FABLE LX.
De la Puce, et de l’Homme.
Uu homme se sentant mordre par une puce ; « Qu’est-ce qui me picque icy ? », dit-il, et la prit en mesme temps. Elle voulut s’excuser alors, alleguant qu’elle estoit de ce genre d’animaux que la nature avoit destinez à vivre comme elle ; Surquoy le priant tres-instamment de la laisser, puis qu’aussi bien elle ne pouvoit luy faire beaucoup de mal ; « Tu t’abuses », luy respondit l’homme en soubs-riant ; « et c’est pour cela mesme que j’ay sujet de te vouloir tuer, pource qu’il ne faut offencer personne, ny peu, ny prou ».
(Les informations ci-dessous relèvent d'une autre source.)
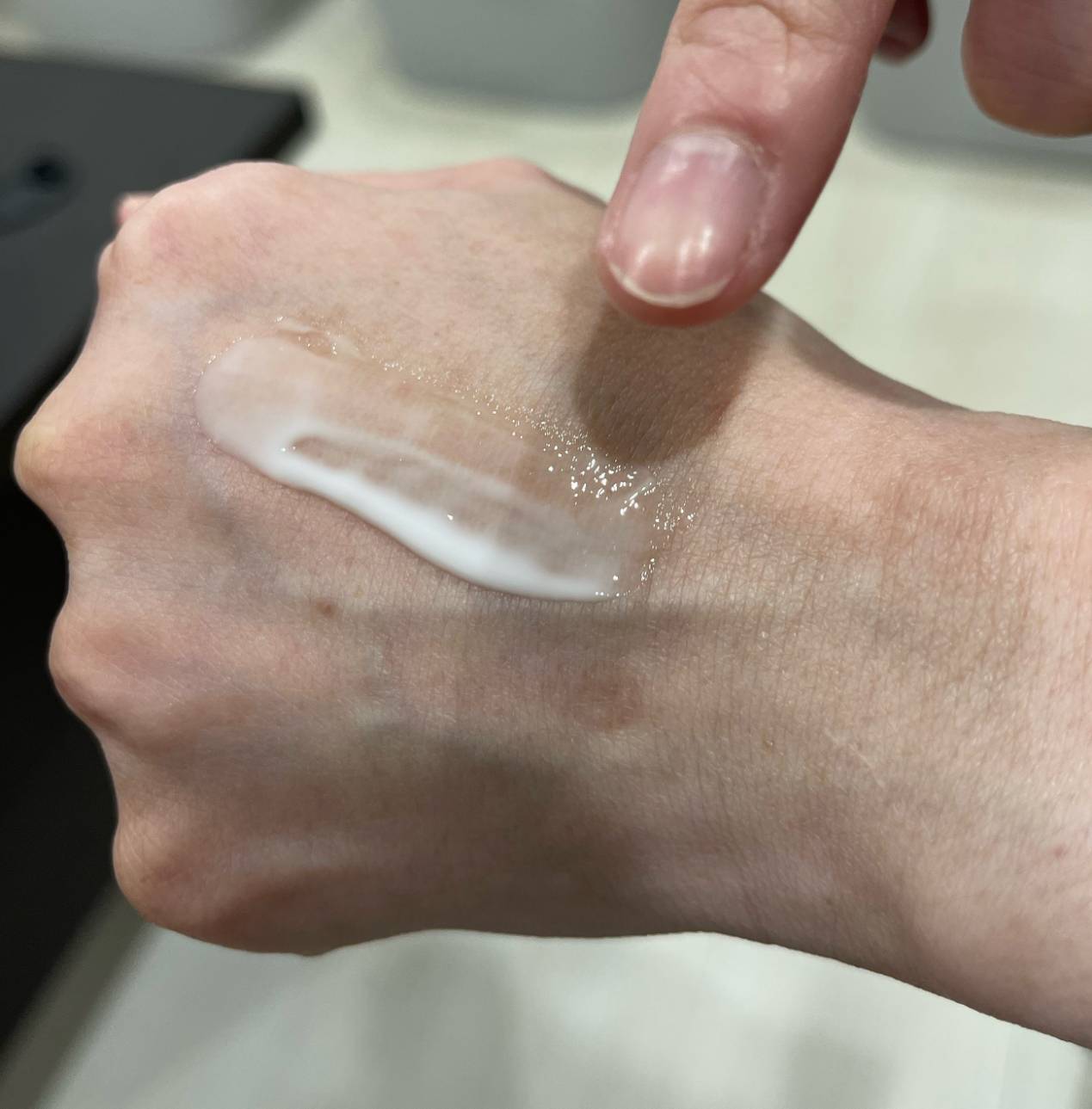我其實超怕乳霜會太厚重,會擔心皮膚更悶。這罐擠出來是乳白色的乳霜,但推開之後非常水感,延展性很好,一點點就可以帶過全臉。

Discours sur la soixantiésme Fable.
C’est une mauvaise excuse pour les meschans, que d’alleguer leur foiblesse, quand ils se veulent guarantir de la juste punition de leurs fautes. Car pour ne meriter point de pardon, c’est assez qu’on ait donné des marques d’une pernicieuse volonté, quand mesme elle ne seroit pas suivie d’un mal extraordinairement grand, ou qui auroit esté diverty par quelque accident inopiné. Toute la raison que je puis alleguer de cela, c’est que la faute consistant en la seule volonté, il semble qu’elle ne soit pas moindre aux foibles qu’aux puissants, et que pour la mesme raison ils ne soient pas aussi moins dignes de punition que les autres. Au contraire, on pourroit dire que ceste circonstance aggrave leur peché, puis qu’estant de leur nature incapables de nuire, et par consequent moins poussez à cela par la violence de leur sang, ou par la force de leur complexion, il n’est pas hors d’apparence qu’ils n’ayent une plus maligne volonté que les autres, et qu’ils ne desirent le mal comme mal. D’ailleurs, ayant plus de sujet que les forts de s’humilier, et de se recognoistre, ils sont blasmables au double de jetter en arriere toutes considerations, et se porter opiniastrément à une action eslevée au dessus de leur pouvoir, qui est en cela d’autant plus mauvaise, qu’elle est accompagnée d’une autre faute ; à sçavoir, de la temerité. L’on peut adjouster à tout cecy, que l’on est encor plus meschant d’entreprendre une chose vicieuse, lors qu’il y a moins d’espoir d’en éviter la punition. Car il y a de l’apparence que pour en venir là, il faut avoir necessairement une volonté de pecher, tout à fait noire et déterminée, ce qui tient du desespoir en quelque façon. Or est-il que les foibles et les petites gents me semblent entierement despourveus d’appuy, pour éviter le juste chastiment de leurs fautes ; Et c’est pour cela qu’ils sont plus à blâmer que les autres, puis qu’ils s’abandonnent à tout pour faire du mal. Ainsi le sage Phrygien a eu beaucoup de raison de faire dire à l’homme de ceste fable, que plus l’animal estoit petit, moins il luy falloit pardonner, pour estre digne de plus grand blâme, et capable de moindre resistance. C’est pour quoy nous voyons tous les jours par épreuve, que les petits qui se treuvent coûpables servent d’exemple au reste du peuple, afin de le détourner des meschantes actions, pource qu’en leur mort il y a peu de gents interessez, et que l’execution de leur arrest est pour l’ordinaire de petite difficulté.